The half-giant and the Thorn Knight had hastened after the monster as it pursued the fleeing Solamnics, the pair moving far ahead of most of the army. Most of Ankhar’s troops were behind them, still reeling from the chaos of the battle, though several hundred of his goblin warg-riders had formed up and escorted the pair in their pursuit. Ankhar had insisted upon rushing ahead of the bulk of his troops, leaving even Laka, so he could see all that was going to transpire and revel in his ultimate triumph.
“Hurry up!” he exhorted the wizard. “We will be witness to a great victory!”
Only then did Ankhar notice that Hoarst, his face oddly impassive, wasn’t looking at the monster. His staring eyes were directed elsewhere.
“What are those things?” asked the Thorn Knight, his voice unusually urgent and concerned.
“What things? What are you talking about?”
Hoarst seemed agitated, and this irritated Ankhar. Why could he not just relish this great moment, this historic success? But the human, ignoring his commander’s fro
wn of displeasure, turned and rushed to climb some rocks that had tumbled to the foot of the nearby valley wall.
“Get up here; we can see better from a higher vantage,” urged the Thorn Knight in a peremptory tone.
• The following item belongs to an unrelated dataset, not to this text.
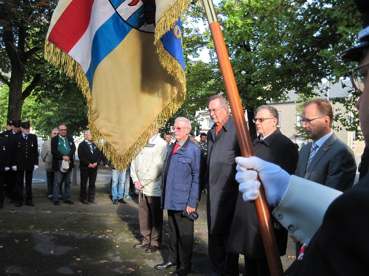 No enger festlecher Mass, huet de Syndicat mat den Gaasperecher Veräiner beim Monument eng Gerbe niddergeluecht fir un déi Verstuewen aus dem leschten Krich ze gedenken.

Ankhar scowled but followed the irritating man up the loose shelf of rocks. He stumbled and scuffed his hands trying to find solid purchase, and he wrenched his knee when one of the rocks yielded to his weight to tumble loosely down to the ground. Cursing, the half-giant hoisted himself to the ledge where Hoarst stood then turned around to look.
He could clearly see the mass of enemy troops, fractured lines and broken companies huddled against the cliff that barred their progress up the valley. Some of the riders had dismounted and were holding their panic-stricken horses by the reins. It was clear they could find no escape, no route out of the valley save the one they had taken in retreat, and that path was now held by the massive presence of the king of the elementals.
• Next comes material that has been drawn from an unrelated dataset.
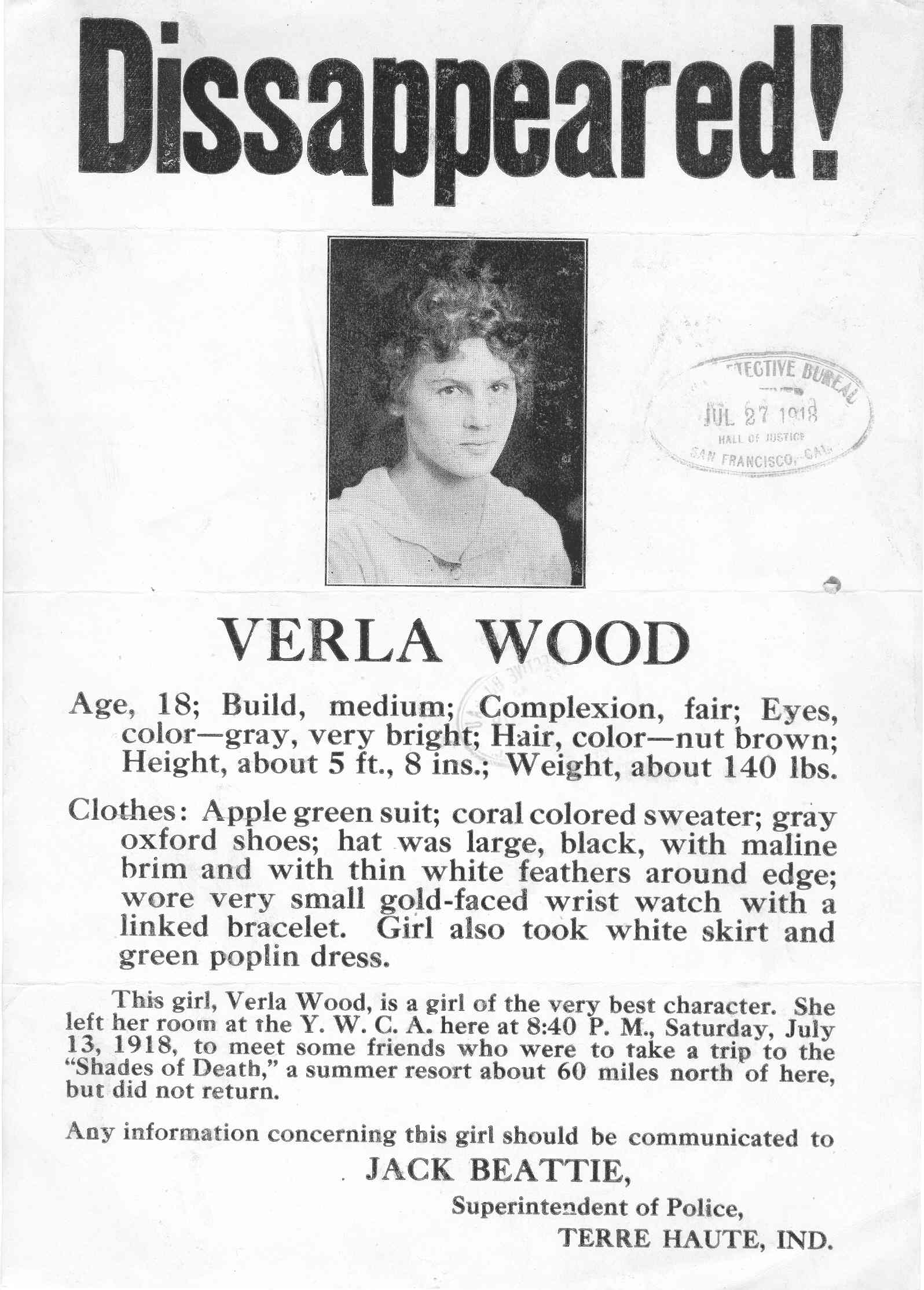 Teen-age girl vanished on way to "Shades of Death." Verla

But there was another source of movement down in the valley, something Ankhar had to squint to see. It was like the rocky floor of the valley was slinking forward like a living carpet, a flood of ghostly gray stone spreading out to confront the king of the elementals, to block its path toward its human quarry. Squinting, the half-giant made out an array of spear tips-many hundreds of them-and, with a start, realized these new stone-colored arrivals bore the shapes of men.
“What are they?” he demanded, annoyed by the postponement of slaughter, though still not overly worried about the outcome of the fight.
“I don’t know,” the Thorn Knight replied curtly.
“Strange warriors… and look, they attack the king,” the half giant grunted, amused. This would be good entertainment. He would watch these mysterious newcomers die.
“Whatever they are, they don’t lack for courage,” the man noted.
“Let them die bravely instead of cravenly, then,” snorted Ankhar. But his bravado had an element of bluster to it. After all, what were those things?